# [Task description]
In this exercise, the entries below include pictures. Repeat exactly the lines from the line with "家の近くのブロック塀には、鳥" to the line with "Больше всего работников-миллионеров", including both, but without the pictures.

# [Data shown]
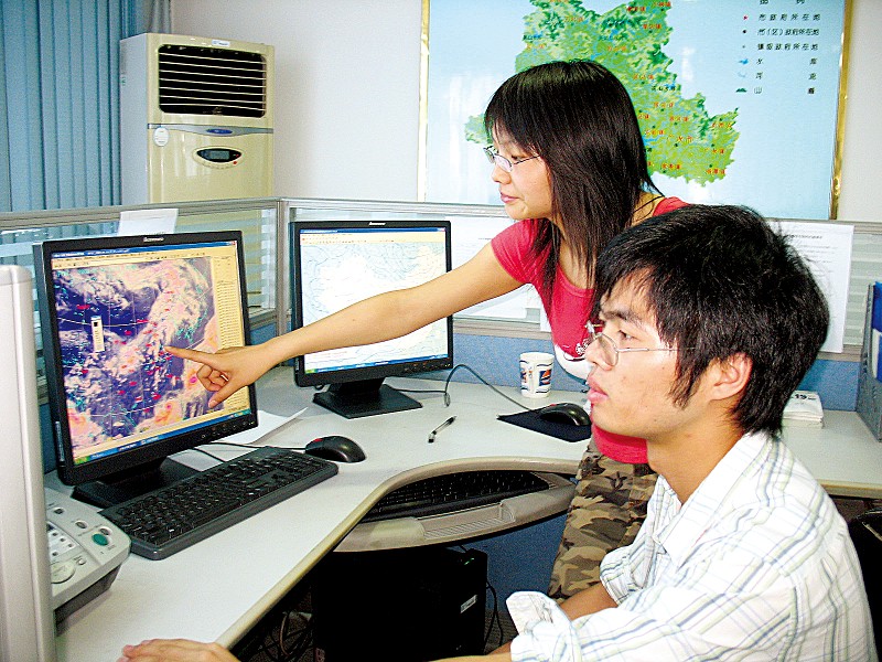 昨日,随州市气象防灾减灾指挥中心工作人员在电脑前观测强对流天气变化,并预报雷电黄色预警信号一次。 (本报记者 杨闻名摄)
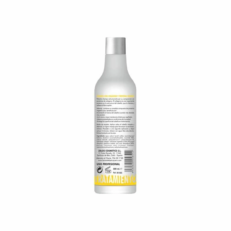 El Champú Zelos con Colágeno y Proteína Vegetal se trata de un champú de tratamiento con un potente efecto estructurante debido a su composición en proteínas de colágeno y queratina, que son muy importantes en la regeneración capilar. Fortalece el cabello haciéndolo más resistente, hidrata y devuelve la vitalidad proporcionando elasticidad al cabello. Combate el encrespamiento y rellena la fibra capilar. Está indicado para cabellos quebradizos, sin brillo o débiles. Es un producto de uso profesional.
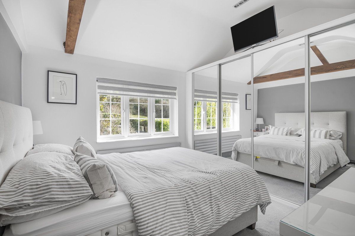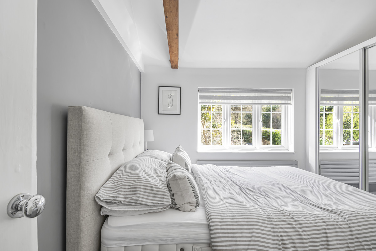 Also located on the ground floor is a modern bathroom, thoughtfully placed and neatly finished with clean, contemporary touches. Upstairs, two well-proportioned bedrooms offer cozy and comfortable living, with one room featuring charming exposed wooden beams that add a rustic yet elegant feel. Both rooms enjoy plenty of natural light and a sense of quiet retreat from the bustle of daily life.
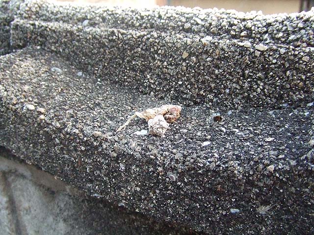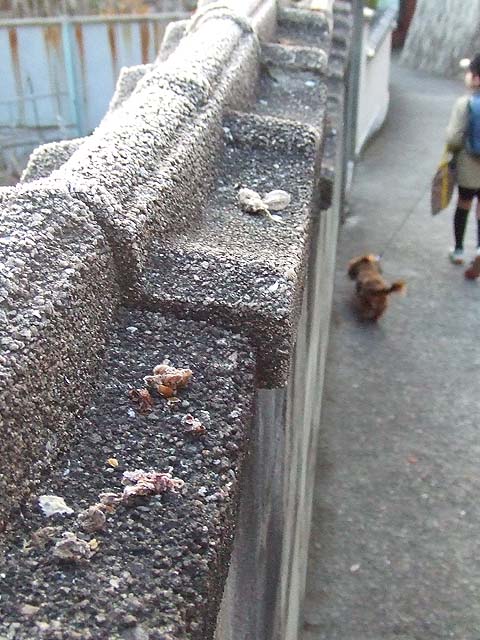 家の近くのブロック塀には、鳥が置いて行ったのか、植物の種のようなのが転がっていて、ブロック塀と一緒に霜をかぶっていました。
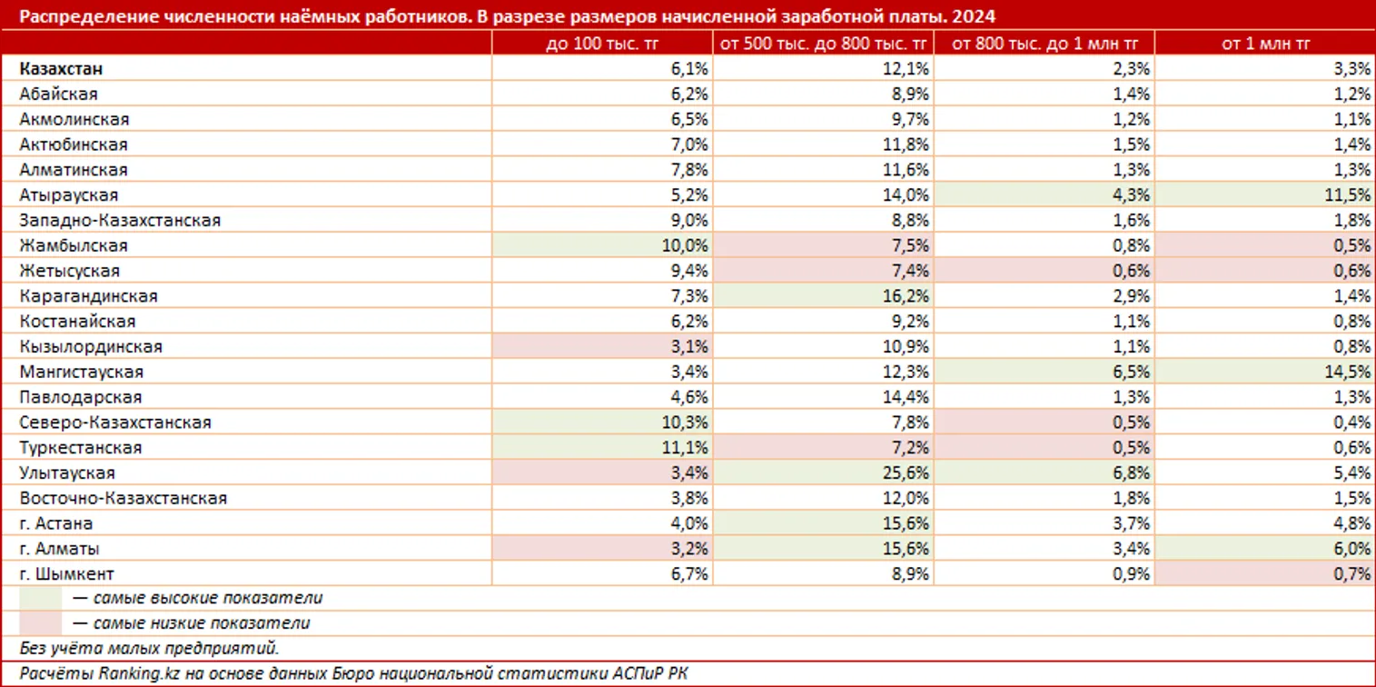 Больше всего работников-миллионеров в 2024 году приходилось на Мангистаускую (14,5%) и Атыраускую (11,5%) области. Меньше, чем в нефтяных регионах, но все же весьма заметным был удельный вес зарабатывающих от 1 млн тенге в Алматы (6%) и Астане (4,8%).
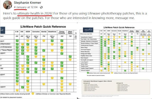 The post above, from January 4th, 2026, provides a “LifeWave Patch Quick Reference Chart” provided below (click to enlarge):
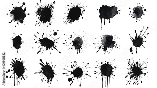 Collection of small black ink splats on full white background background
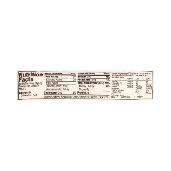Details Ingredients LONG GRAIN RICE, ENRICHED WITH FERRIC PHOSPHATE, NIACIN, THIAMINE MONONITRATE, FOLIC ACID (A B VITAMIN). Product features Create delicious, hearty meals your whole family will love with this Great Value Long-Grain Enriched Rice. This classic ingredient has an extended shelf life to provide long-lasting performance. Made with the highest quality ingredients, Great Value rice contains 0g of trans fat per serving. It is a versatile cooking item to keep on hand and pairs well with a variety of different dishes. Feature it as a satisfying side dish flavored with your favorite herbs or fresh vegetables. It is also well-suited to serve as part of the main course and tastes wonderful in casseroles, soups, stews and more. With detailed cooking instructions on the package, it is easy to make and features a filling and fluffy texture. The 16-oz bag stores compactly for your convenience. Great Value Long Grain Rice, 16 Oz Special Features Extra fancy Net Quantity of Content ABOUT 10 X 0.25 cup

# [Response to the exercise]
 家の近くのブロック塀には、鳥が置いて行ったのか、植物の種のようなのが転がっていて、ブロック塀と一緒に霜をかぶっていました。
 Больше всего работников-миллионеров в 2024 году приходилось на Мангистаускую (14,5%) и Атыраускую (11,5%) области. Меньше, чем в нефтяных регионах, но все же весьма заметным был удельный вес зарабатывающих от 1 млн тенге в Алматы (6%) и Астане (4,8%).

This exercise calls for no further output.